I was equally happy when I found the Giant Screen that I could sit in the shade to watch it. The heat has abated to just 80, but the sun is still intense. The storm of two nights ago brought deliciously cool 70 temperatures for a day, cool enough that I could scavenge a roasted chicken and cheese and sardines from a dumpster I had visited before with Craig and Andrew on a Sunday, as this was, when it is hard to find an open supermarket. The dumpster fare saved me a few minutes of supermarket time as well, besides providing me with some quality calories.
As I was walking to the Giant Screen along the barricaded final few hundred meters of the course behind the three deep crowd the caravan was passing. I wasn’t paying it any attention. I should have been glancing over to see when the Madeleine sponsor was coming, as it always sprays handfuls of them. I was actually hit in the back by one, but with two hands pushing the bike I couldn’t react in time to reach down and grab it before another hand beat me to it.
I reached the Screen just as the breakaway group was beginning the Category One climb. As yesterday, it was over ten minutes ahead of the group of contenders. With a twenty-six mile descent from the summit to Carcassone, none of the contenders cared to exert themselves to attack on the climb even though tomorrow is a Rest Day. Dan Martin did go up the road, but he is no longer a threat, so no one responded. It turned out to be a pre-day of rest for the Top Ten as they were observing a full-on truce, before the real Rest Day. It was not undeserved. The top riders have been treating us to aggressive, animated racing. The racing will be even better in the Pyrenees for this opportunity to rest the legs a bit more.
Before the contender group rode across the line with no one accelerating, a trio of riders broke away from a group of eight several kilometers from the finish. They had to continue riding hard and working together to stay away, all the while trying to save a few molecules of extra energy to outsprint their temporary allies. Magnus Cort Nielsen of Denmark riding for the Astana team was the anointed one to claim the day’s glory and the immortality of a Tour Stage Win.

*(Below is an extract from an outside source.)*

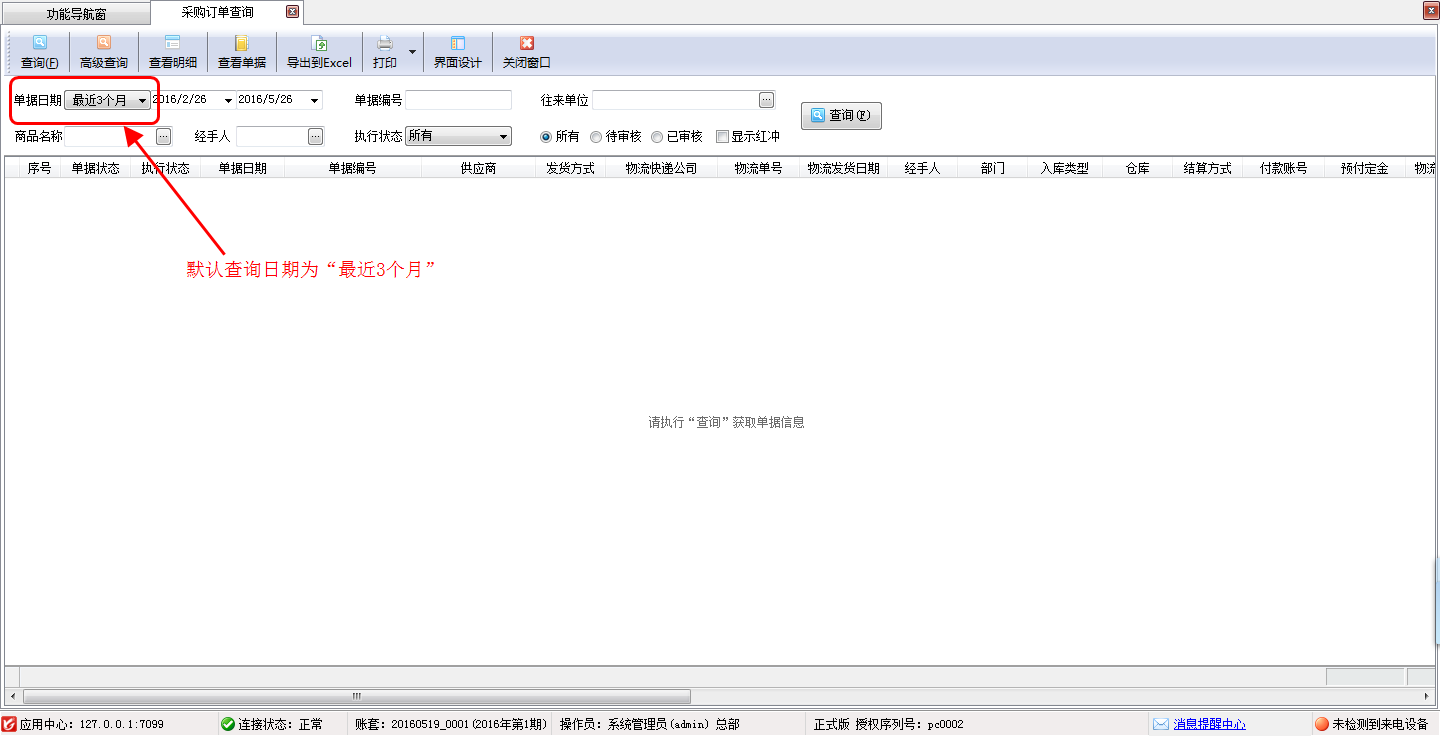 亞拓管理軟件精細化管理軟件進銷存管理軟件記賬軟件)及紅管家倉庫管理軟件內都包含了統計查詢功能(采購單匯總表、銷售單匯總表、銷售單明細查詢、銷售毛利匯總等統計查詢報表),軟件內統計查詢功能默認的查詢日期為“最近3個月”(如下圖一所示),但是如果需要修改默認查詢日期,該如何修改呢?下面我們以亞拓管理軟件專業版為例詳細介紹下軟件內如何修改默認查詢日期。

I was in need of water before I could camp. The road the peloton will take out of Carcassone to the Pyrenees took me past the airport, a rare source of water I have been able to take advantage of. The terminal of this minor airport was right along the road, so it was no effort to stop in and fill up. I continued riding for half an hour, not needing to push it, and camped between a vineyard and a strip of trees far enough from the road to blunt the noise of traffic. I had a fine dinner of chicken and couscous. For the first time in days I have a couple of easy days ahead of me. The course markers will go up first thing in the morning allowing me to ride with no concerns of finding my way. I am eager to see what cyclists will be on the road with the possibility of some of the Tour teams getting in a couple of Rest Day hours pedaling the route. It will be another day of bliss and with no need of finding a bar.